Every line below from the one with "在导演层面,全剧的舞台调动井" through the one with "Beer Market по" is to be repeated exactly, with no picture among them.

PROVIDED DATA =
'''

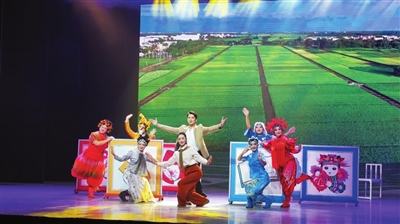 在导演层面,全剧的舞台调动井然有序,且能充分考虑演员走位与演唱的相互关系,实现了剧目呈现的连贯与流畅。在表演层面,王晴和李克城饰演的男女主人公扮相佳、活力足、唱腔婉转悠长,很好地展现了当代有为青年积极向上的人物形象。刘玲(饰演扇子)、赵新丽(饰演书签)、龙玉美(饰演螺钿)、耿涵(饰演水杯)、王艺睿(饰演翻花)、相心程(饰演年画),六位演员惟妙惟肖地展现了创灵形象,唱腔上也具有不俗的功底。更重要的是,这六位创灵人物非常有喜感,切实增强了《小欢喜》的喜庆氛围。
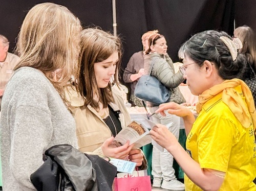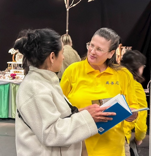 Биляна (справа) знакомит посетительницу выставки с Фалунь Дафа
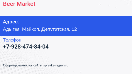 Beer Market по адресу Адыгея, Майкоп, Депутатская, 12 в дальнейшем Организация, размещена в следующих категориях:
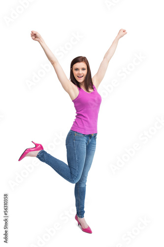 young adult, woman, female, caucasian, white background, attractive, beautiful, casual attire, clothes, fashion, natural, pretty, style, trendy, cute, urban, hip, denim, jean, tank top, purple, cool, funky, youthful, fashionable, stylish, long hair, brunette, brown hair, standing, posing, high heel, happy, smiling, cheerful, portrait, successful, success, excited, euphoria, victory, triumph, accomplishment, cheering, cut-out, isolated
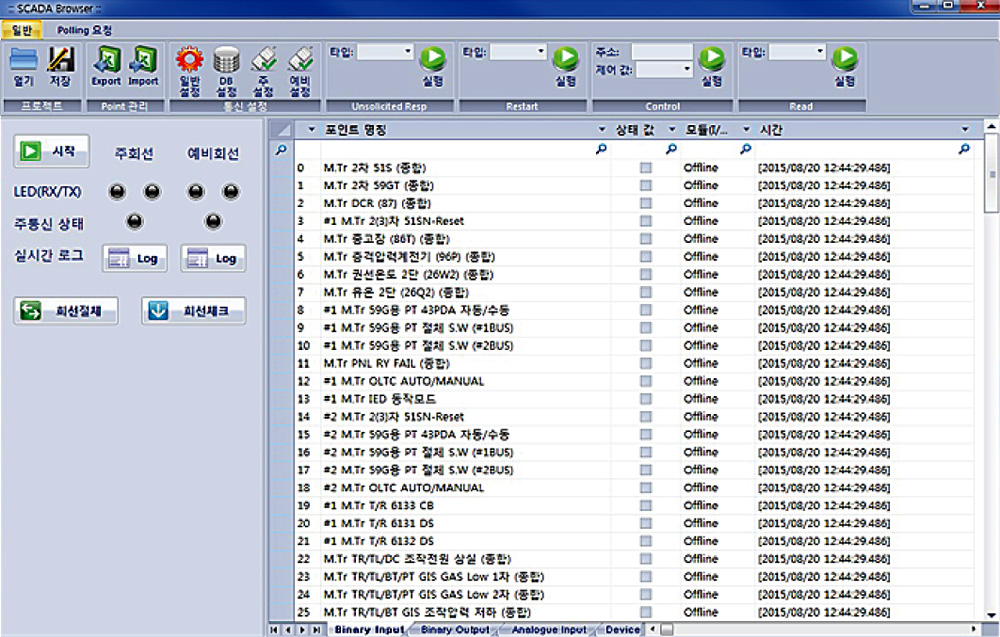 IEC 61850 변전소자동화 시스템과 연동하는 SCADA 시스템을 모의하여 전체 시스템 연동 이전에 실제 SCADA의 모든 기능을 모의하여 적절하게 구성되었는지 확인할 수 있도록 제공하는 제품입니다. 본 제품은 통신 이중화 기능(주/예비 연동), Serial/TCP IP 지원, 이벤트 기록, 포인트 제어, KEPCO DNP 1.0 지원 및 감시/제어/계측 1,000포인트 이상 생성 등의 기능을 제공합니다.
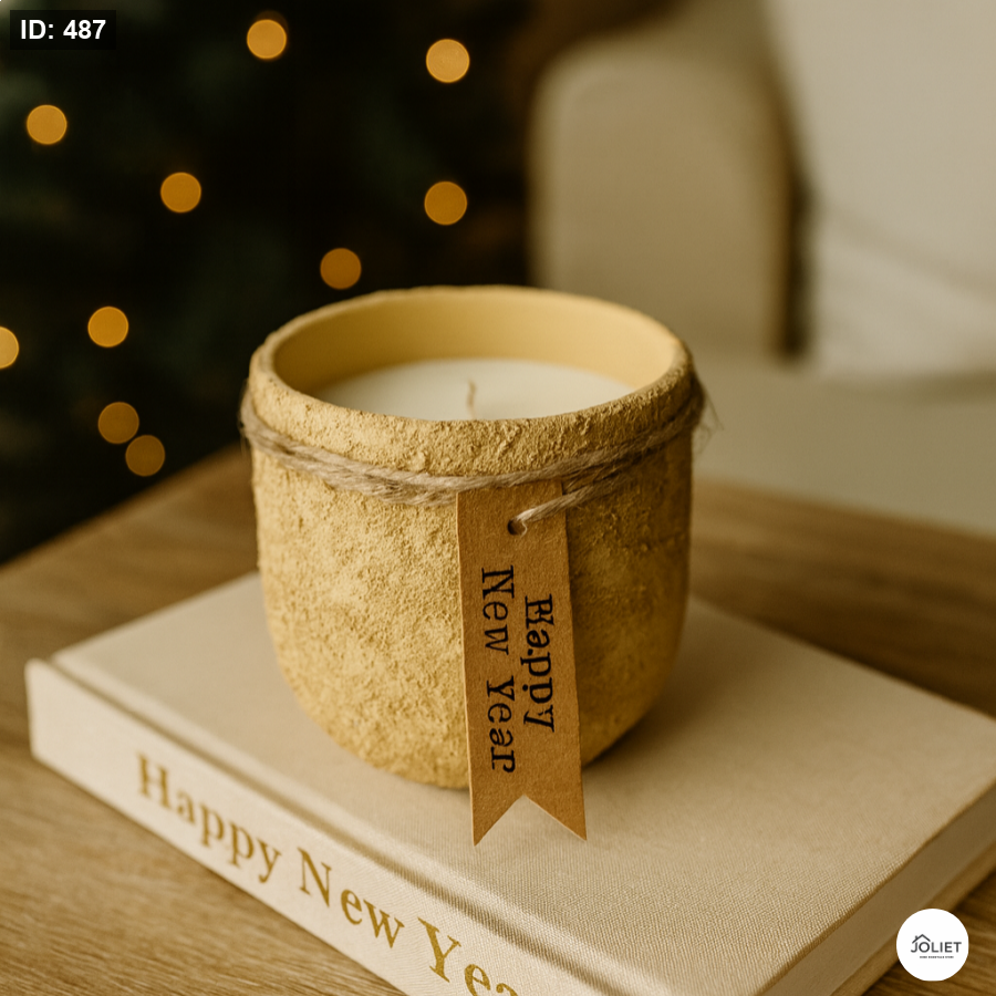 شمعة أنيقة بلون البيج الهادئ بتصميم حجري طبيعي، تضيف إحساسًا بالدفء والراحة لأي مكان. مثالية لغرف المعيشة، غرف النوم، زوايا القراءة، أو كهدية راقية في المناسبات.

'''
'''

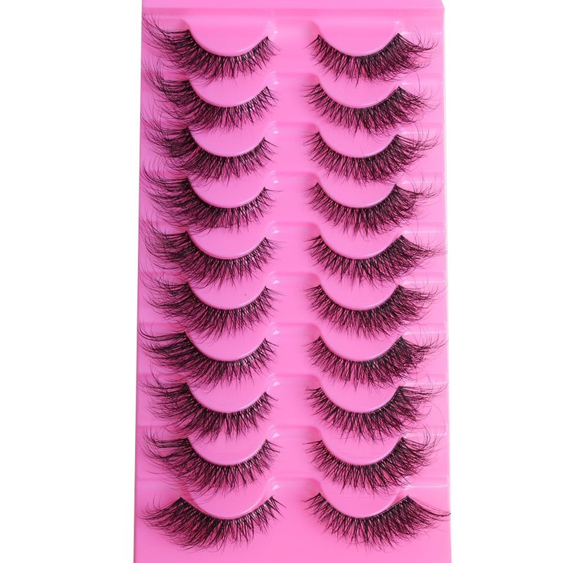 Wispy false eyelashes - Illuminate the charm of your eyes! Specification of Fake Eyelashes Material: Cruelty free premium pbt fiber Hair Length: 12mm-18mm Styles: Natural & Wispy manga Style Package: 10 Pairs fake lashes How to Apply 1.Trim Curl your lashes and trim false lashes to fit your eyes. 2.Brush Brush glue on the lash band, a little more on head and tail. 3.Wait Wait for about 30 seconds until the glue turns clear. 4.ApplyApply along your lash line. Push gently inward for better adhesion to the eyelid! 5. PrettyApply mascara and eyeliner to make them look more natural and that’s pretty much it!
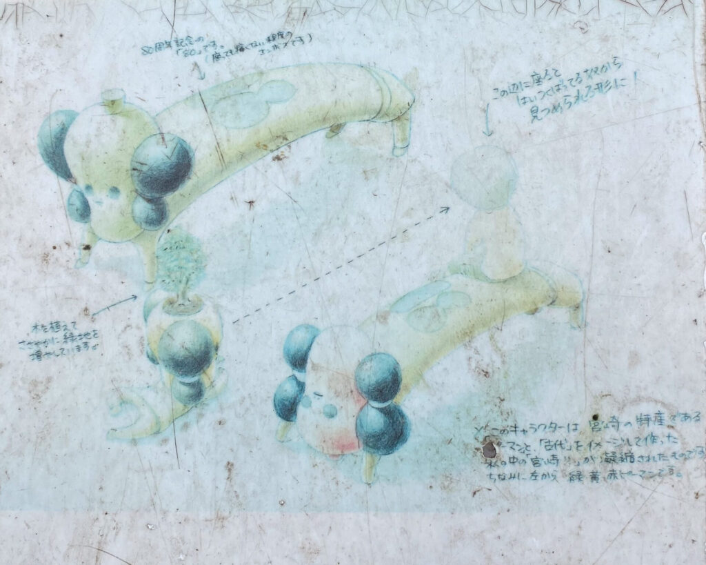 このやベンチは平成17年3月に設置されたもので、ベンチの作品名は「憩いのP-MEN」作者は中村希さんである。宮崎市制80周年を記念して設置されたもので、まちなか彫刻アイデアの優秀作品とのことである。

'''

THE ANSWER =
 在导演层面,全剧的舞台调动井然有序,且能充分考虑演员走位与演唱的相互关系,实现了剧目呈现的连贯与流畅。在表演层面,王晴和李克城饰演的男女主人公扮相佳、活力足、唱腔婉转悠长,很好地展现了当代有为青年积极向上的人物形象。刘玲(饰演扇子)、赵新丽(饰演书签)、龙玉美(饰演螺钿)、耿涵(饰演水杯)、王艺睿(饰演翻花)、相心程(饰演年画),六位演员惟妙惟肖地展现了创灵形象,唱腔上也具有不俗的功底。更重要的是,这六位创灵人物非常有喜感,切实增强了《小欢喜》的喜庆氛围。
 Биляна (справа) знакомит посетительницу выставки с Фалунь Дафа
 Beer Market по адресу Адыгея, Майкоп, Депутатская, 12 в дальнейшем Организация, размещена в следующих категориях:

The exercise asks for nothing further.